Dieser humorvolle Roman erzählt leichtfüßig, aber nicht oberflächlich von den Irrungen und Wirrungen des (Liebes-)Lebens, von der Kraft der Freundschaft und dem Glück, eine Familie zu haben, die in der Not zusammenhält. Köstliche Dialoge, gut vermittelte Situationskomik und sympathische Protagonisten sorgen für heiteres Lesevergnügen.

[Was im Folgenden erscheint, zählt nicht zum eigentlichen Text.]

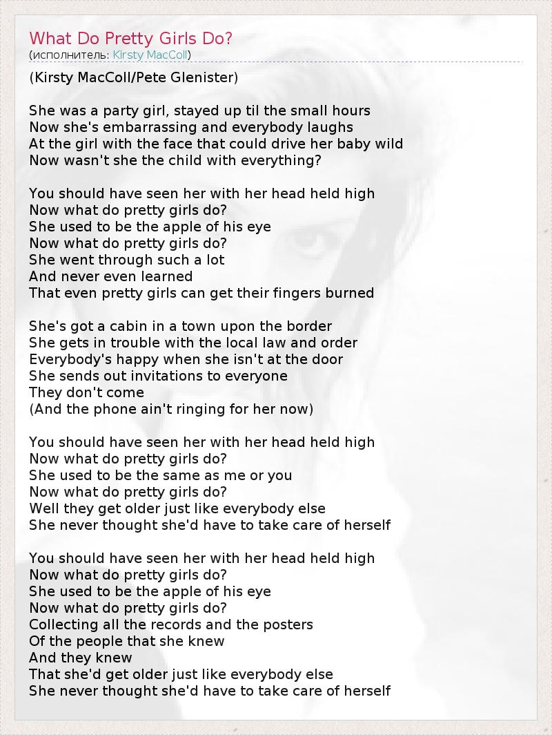 (Kirsty MacColl/Pete Glenister) She was a party girl, stayed up til the small hours Now she's embarrassing and everybody laughs At the girl with the face that could drive her baby wild Now wasn't she the child with everything? You should have seen her with her head held high Now what do pretty girls do? She used to be the apple of his eye Now what do pretty girls do? She went through such a lot And never even learned That even pretty girls can get their fingers burned She's got a cabin in a town upon the border She gets in trouble with the local law and order Everybody's happy when she isn't at the door She sends out invitations to everyone They don't come (And the phone ain't ringing for her now) You should have seen her with her head held high Now what do pretty girls do? She used to be the same as me or you Now what do pretty girls do? Well they get older just like everybody else She never thought she'd have to take care of herself You should have seen her with her head held high Now what do pretty girls do? She used to be the apple of his eye Now what do pretty girls do? Collecting all the records and the posters Of the people that she knew And they knew That she'd get older just like everybody else She never thought she'd have to take care of herself
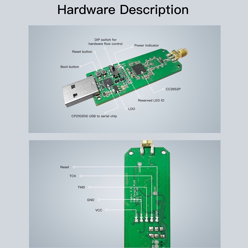 Descrição do produto em inglês após português Sonoff Zigbee 3.0 USB Dongle Plus é um bastão USB Zigbee universal. Pode ser usado como um gateway Zigbee universal em Home Assistant ou outras plataformas de fonte aberta via ZHA ou Zigbee2MQTT para controlar localmente todos os seus sub-aparelhos Zigbee, para que não precise investir nos cubos Zigbee para Marcas diferentes, tudo o que você precisa é um gateway universal - Dongle Plus! O dongle plus possui uma ampla gama de dispositivos suportados, como BASICZBR3, S31 Lite zb, SNZB01, SNZB02, SNZB03, SNZB04, ZBMINI, S26R2ZB, e vários sub-aparelhos de várias marcas ou firmware de roteador flash para estender A faixa de rede. Ampla gama de dispositivos suportados O Dongle pode ser usado como um gateway Zigbee 3.0 em plataformas de automação de fonte aberta para gerenciar vários subdispositivos de várias marcas ou firmware de roteador flash para estender a faixa de rede. • Nome da marca: SONOFF • Certificação: Nenhuma • Origem: CN (Origem) • Estado de montagem: Pronto para uso • Número do modelo: SONOFF Zigbee 3.0 USB Dongle Plus • Compatibilidade: Todos Compatíveis • Modelo: SONOFF ZBDongle-P • Temperatura de Trabalho: -10℃~40℃ • Material do escudo: liga de alumínio • Entrada: DC 5V (100mA Max) • Sem fio: Zigbee 3.0 • Dimensão: 87*25,5*13,5mm Observe: ZB Dongle-P não inclui cabo de extensão USB-1.5M, que pode ser comprado separadamente se necessário. ************************************************** SONOFF Zigbee 3.0 USB Dongle Plus is a universal Zigbee USB stick. It can be used as a universal Zigbee gateway in Home Assistant or other open-source platforms via ZHA or Zigbee2MQTT to locally control all your Zigbee sub-devices, so you don't need to invest in the Zigbee hubs for different brands, all you need is a universal gateway - Dongle Plus! The dongle plus has a wide range of supported devices, such as BASICZBR3, S31 Lite zb, SNZB01, SNZB02, SNZB03, SNZB04, ZBMINI, S26R2ZB , and various sub-devices from various brands or flash router firmware to extend the network range. Wide Range of Supported Devices Dongle can be used as a Zigbee 3.0 gateway in open-source automation platforms to manage various sub-devices from various brands or flash router firmware to extend the network range. • Brand Name: SONOFF • Certification: None • Origin: CN(Origin) • State of Assembly: Ready-to-Go • Model Number: SONOFF Zigbee 3.0 USB Dongle Plus • Compatibility: All Compatible • Model: SONOFF ZBDongle-P • Working Temperature: -10℃~40℃ • Shell Material: Aluminum alloy • Input: DC 5V (100mA Max) • Wireless: Zigbee 3.0 • Dimension: 87*25.5*13.5mm Please note: ZB Dongle-P does not include USB Extension Cable-1.5M, which can be purchased separately if necessary.

Andrea Schacht: Die Fährmannstocher


Der Roman von Andrea Schacht entführt ins mittelalterliche Mülheim am Rhein in der Nähe von Köln. Im Zentrum der Geschichte stehen die Fährmannstochter Myntha und der Bogenschütze und Falkner Frederick Bowman, deren Wege sich nach dem ungeklärten Tod einer Ordensfrau kreuzen.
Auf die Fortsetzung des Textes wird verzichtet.